Фонарь Диогена - Хоружий Сергей Сергеевич (читать книги онлайн полностью без сокращений .TXT) 📗
Понятно, однако, что «страсти души» не исчерпывают всех претерпеваний души, связанных с телом. Общим термином для всей области этих претерпеваний служат «чувства» (sens): Декарт принимает широкое значение термина, следуя за языком, который в большинстве европейских наречий, включая русское, именует «чувствами» и внешние перцепции, и душевные эмоции, и потребности (как мы помним, две последние категории у Декарта носят название «внутренних чувств»). Перечисление всего содержимого этой области найдем в «Началах»: «Есть определенные вещи, которые мы ощущаем в нас и которые нельзя отнести ни только к душе, ни только к телу, а можно отнести лишь к их тесному соединению: таковы чувства жажды, голода, эмоции и страсти души, которые зависят не только от мысли, как то, эмоция гнева, радости, печали, любви и т. д.; таковы же все чувства – света, цвета, звука, запаха, вкуса, тепла, твердости и все прочие качества, относящиеся к осязанию» [97]. В совокупности с «волениями, завершающимися в теле», данное перечисление составляет полное описание области смешанных явлений. Представленная классификация этих явлений, как замечает и сам Декарт, далеко не обладает четкостью и однозначностью: в первую очередь, оттого что в сфере феноменов сознания сама оппозиция действие – претерпевание зыбка, неоднозначна и часто попросту условна. В очень многих явлениях роль души может описываться двояко, как в терминах действия, так и в терминах претерпевания: «Хотя для души хотеть (волить, vouloir) чего-то является действием, можно также сказать, что здесь у нее страсть воспринять то, чего она хочет. Здесь восприятие и воление суть одно и то же, и выбирается имя, отвечающее более благородному, так что обычно тут говорят не о страсти, а о действии» [98]. От полной условности классификацию ограждают, однако, некоторые актуальные отличия волений души от ее страстей: «Воления… целиком во власти души, и тело может лишь косвенно изменять их, страсти же [в широком смысле любых претерпеваний], напротив, всецело зависят от порождающих их действий, и душа может лишь косвенно их изменять, за вычетом тех, причина которых она сама» [99].
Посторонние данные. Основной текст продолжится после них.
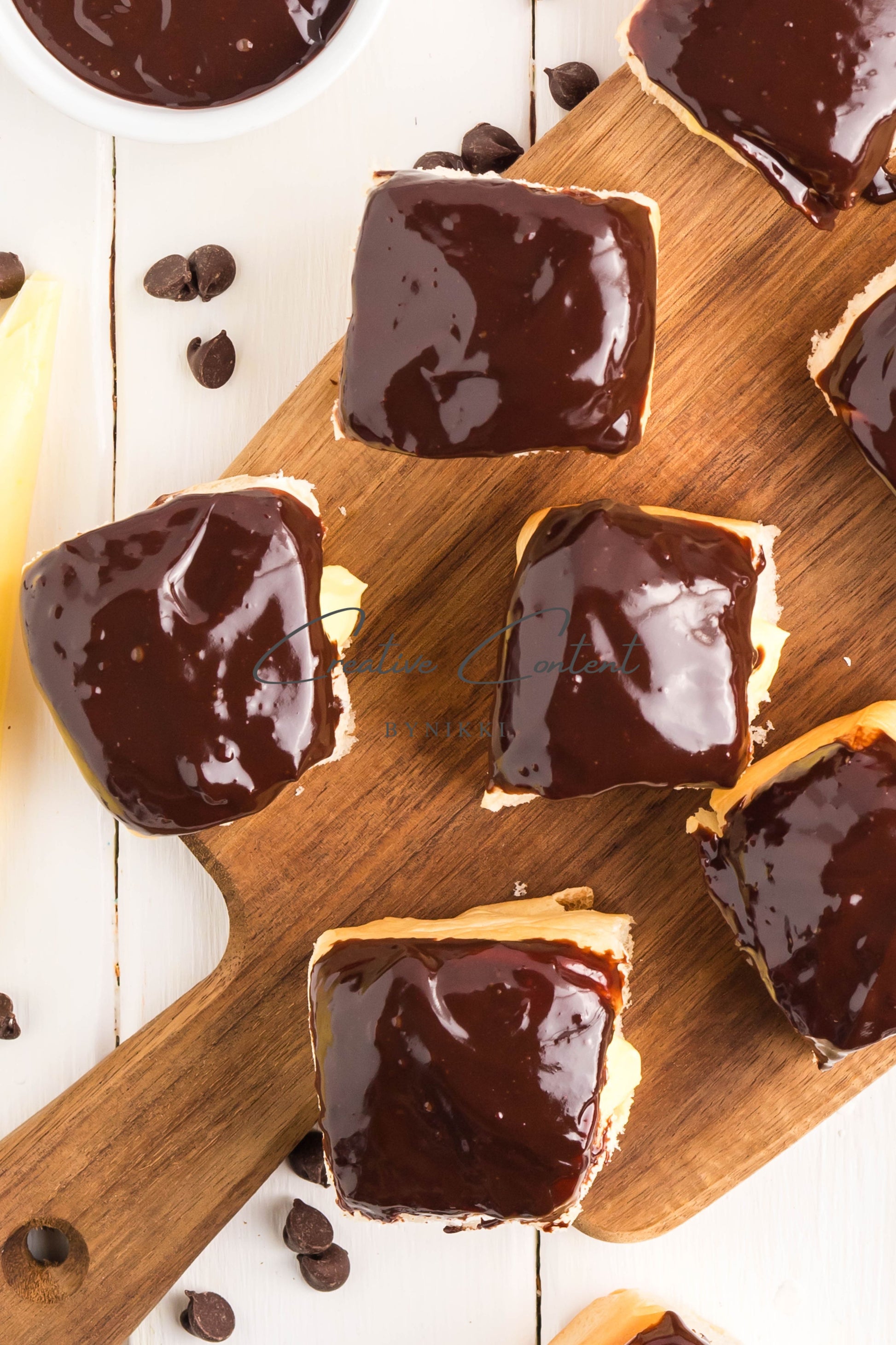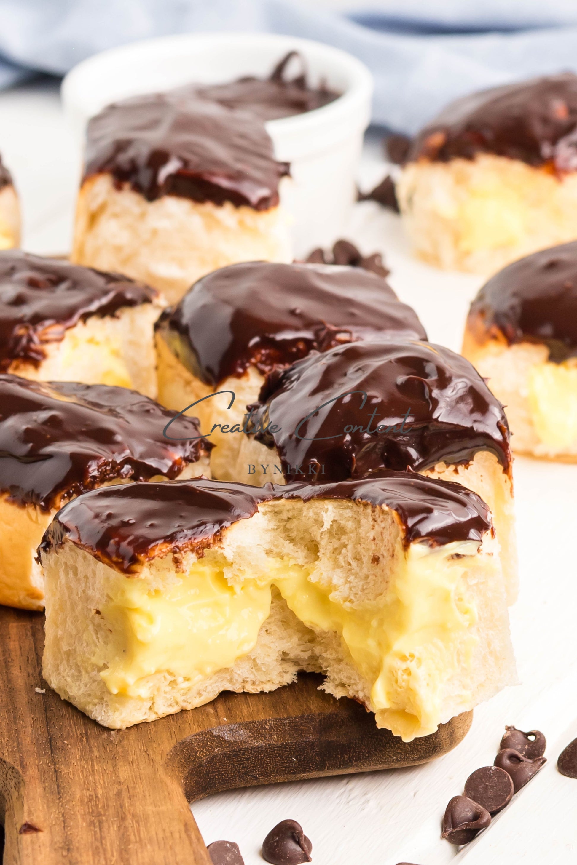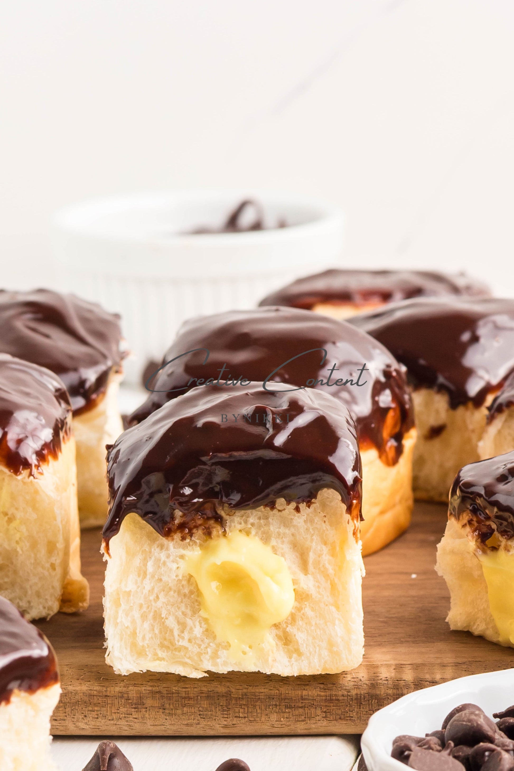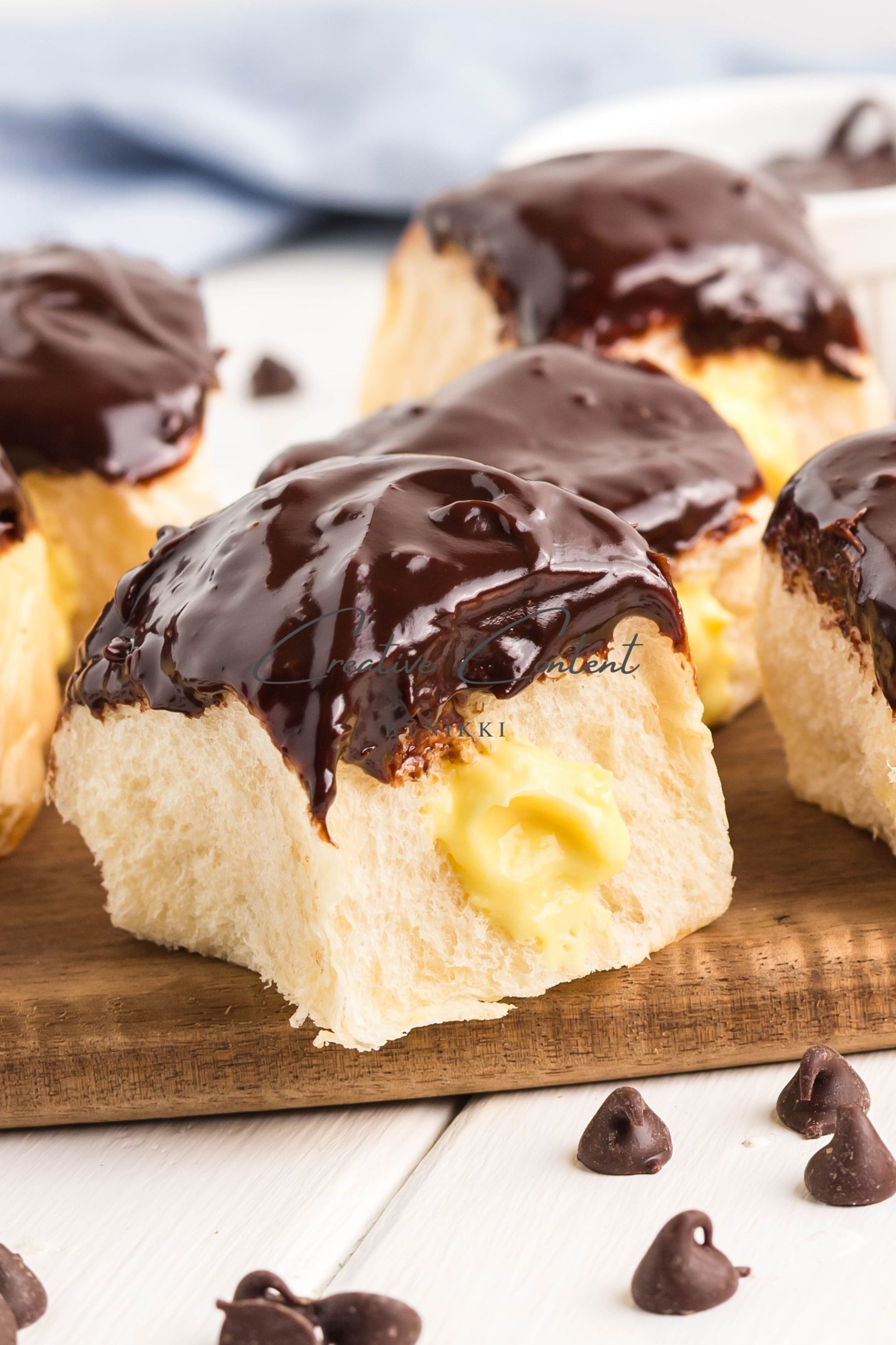 The Boston Cream Pie Hawaiian Rolls are a delightful twist on the classic dessert, offering a soft and sweet bite with every mouthful. These rolls are filled with rich, creamy vanilla pudding and topped with a smooth layer of bittersweet chocolate ganache.
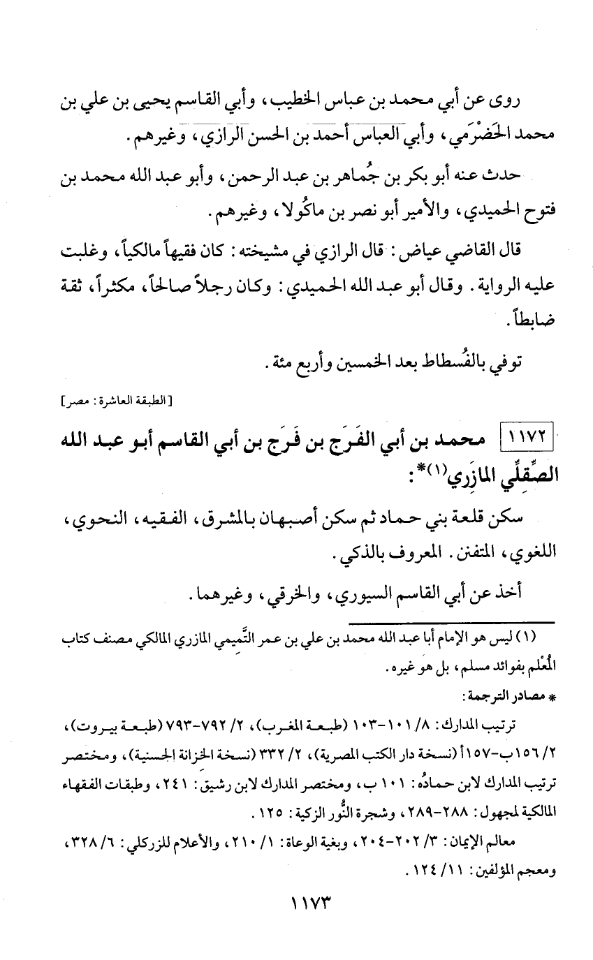 (¬1) ليس هو الإمام أبا عبد الله محمد بن علي بن عمر التّميمي المازري المالكي مصنف كتاب المعلم بفوائد مسلم، بل هو غيره.
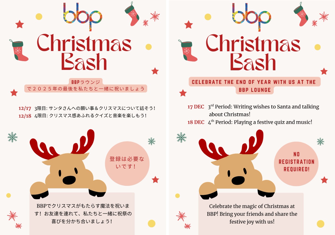 イベント情報Events home イベント情報 / Events OICのイベント アーカイブ Archive OICのイベント一覧 01 Apr Wed 衣笠 BKC OIC BBP Language Exchange Program 2026 Spring✿ 12 Mar Thu 衣笠 BKC OIC 言語学習+R WEBページが公開されました! 18 Feb Wed 衣笠 BKC OIC Let’s Create a Catchphrase for Omi Beef in A traditional Kyoto townhouse/ 近江牛のキャッチコピーを考えよう! 07 Jan Wed 衣笠 BKC OIC OIC| Cross Cultual Cup 2 18 Dec Thu 衣笠 BKC OIC OIC| Christmas Bash 16 Dec Tue 衣笠 BKC OIC 2026年春学期BBPスタッフ募集 / 2026 Spring Semester BBP Staff Recruitment 15 Dec Mon 衣笠 BKC OIC Experience Japanese culture 着付けと日本舞踊を体験しましょう! 08 Dec Mon 衣笠 BKC OIC 2026年4月開設 言語学習+R WEBページ開設キャンペーンのお知らせ 05 Dec Fri 衣笠 BKC OIC OIC| Italy Day -Culture Carnival Week- 1 2 3 4 5 6 7 8 9 10 11 12 13 14 15 16 17 18 19 20 21 22 23 24 25 26 27 28 29 30 31 32 33 34 35 36 37 38 39 40 41 42 43 44 45 46 47 48 49 Next

Рассмотрение феномена «страстей души» в общем контексте учения о душе (духе, Я, сознании) – центральная задача психологии Декарта и ее главное содержание. В решении выделить эти явления, положив их в основу особого антропологического раздела, промежуточного между учением о духе и учением о теле, философ достаточно традиционен; начиная с античности, общие представления о человеке, антропологические концепции и учения практически всегда выделяли меж сферами Разума и Тела, Плоти некую промежуточную область. Она долго не могла получить четких границ и даже определенного названия, пока наконец в рамках христианской трихотомии человека за ней не был закреплен аристотелев термин «душа», понимаемый, однако, в значительно измененном и суженном смысле. Учение Декарта – важный, но еще далеко не завершающий этап в этой эволюции души и конституции психологии: «душа» еще сохраняет у него старое значение, однако в понятии «страстей души» и в развитии учения о страстях его мысль, как мы отмечали, уже продвигается к оформлению особой предметной области «душевных явлений». Чтобы оценить это продвижение, следует рассматривать психологию Декарта в сопоставлении с двумя референтными дискурсами, между которыми она располагается в истории предмета: разумеется, с воззрениями современной научной психологии, но также и с позициями древней практической психологии христианской аскезы, в рамках которой было впервые развито учение о страстях.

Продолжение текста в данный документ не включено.